# My Promo Code Invalid?



## drivingmisscrazy (Aug 12, 2014)

I have been told my driver promo code is invalid when a rider tried to use it.

I'm guessing they tried to use it after their first ride.


----------



## LAuberX (Jun 3, 2014)

You can give them mine, I don't mind.


----------



## Moofish (Jun 13, 2014)

Has to be before their first ride ends, if they signed up with another code, a second won't work.


----------



## IEUber (Aug 29, 2014)

@LAuberX I tried to use my code on my pax app it didn't work. Lol what's yours I'm drunk and out of beer
# free beer run on uber. Store is one mile away plus wait time, and one mile Back home = free free free!!
And I'll take a water w/ no tip !!
Über driver is 9 mins away


----------



## LAuberX (Jun 3, 2014)

I loaded the customer app and a free $20.00 credit code before I became a driver.

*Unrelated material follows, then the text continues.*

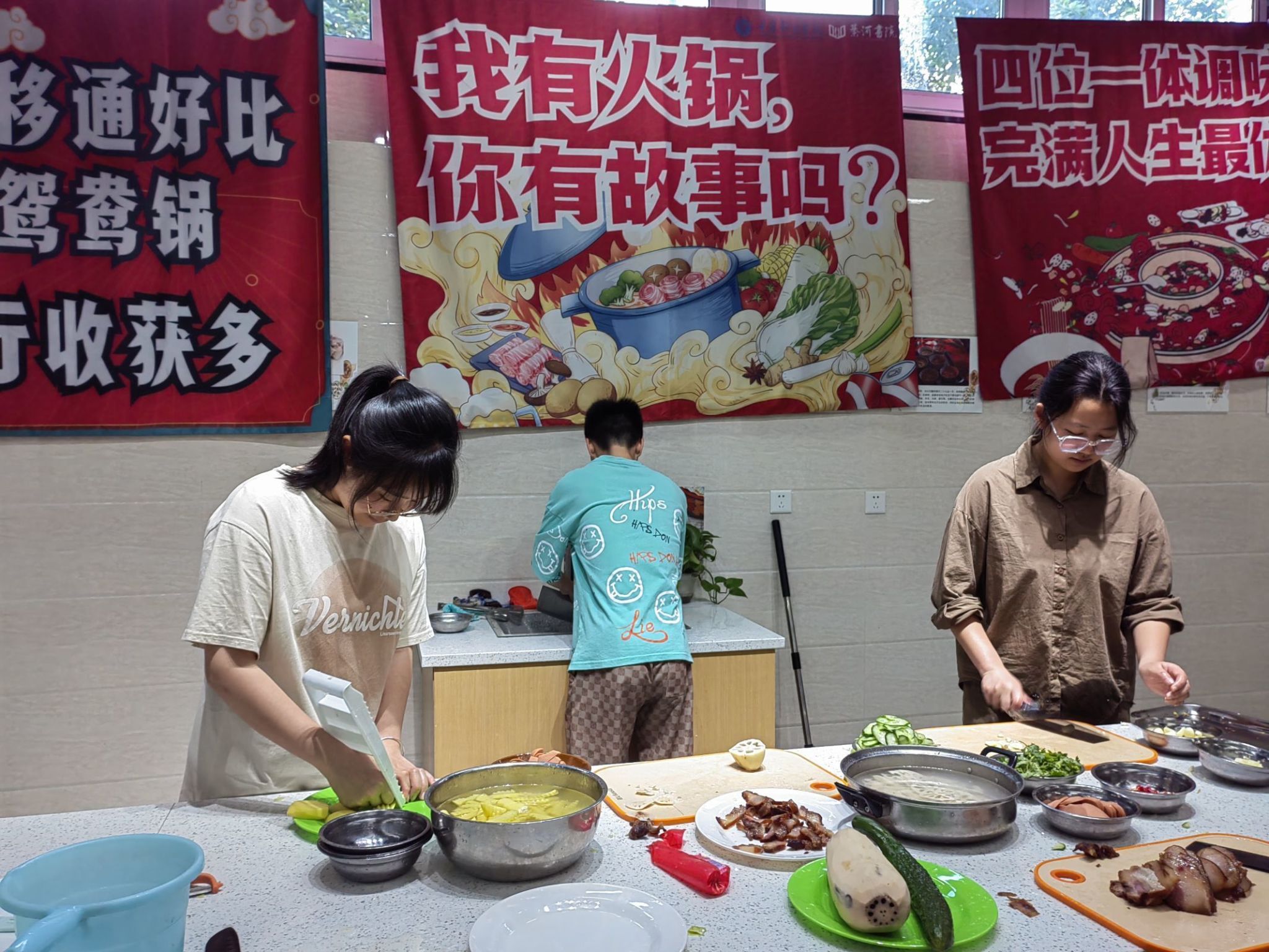 为提升学生的实践能力,培养学生的兴趣爱好,丰富学生的课余时间,在异科导师林红的带领下,大数据与计算机科学学院2022级计算机科学与技术专业3班的小组成员们在綦河书院二号楼共享厨房开展了制作美食的活动。

a few months after becoming a driver I noticed the credit was gone from my rider app.

Uber took it?

I guess I will use Lyft if I ever need a ride, the $15.00 credit they sent me is still valid.


----------



## Emmes (Aug 27, 2014)

I've given my code (Uber and Lyft) out to several people who have downloaded the apps (first time) and input it, but I have not received any compensation for it. Seems when they download the app, if they're given X $$ or Rides, my code doesn't work.


----------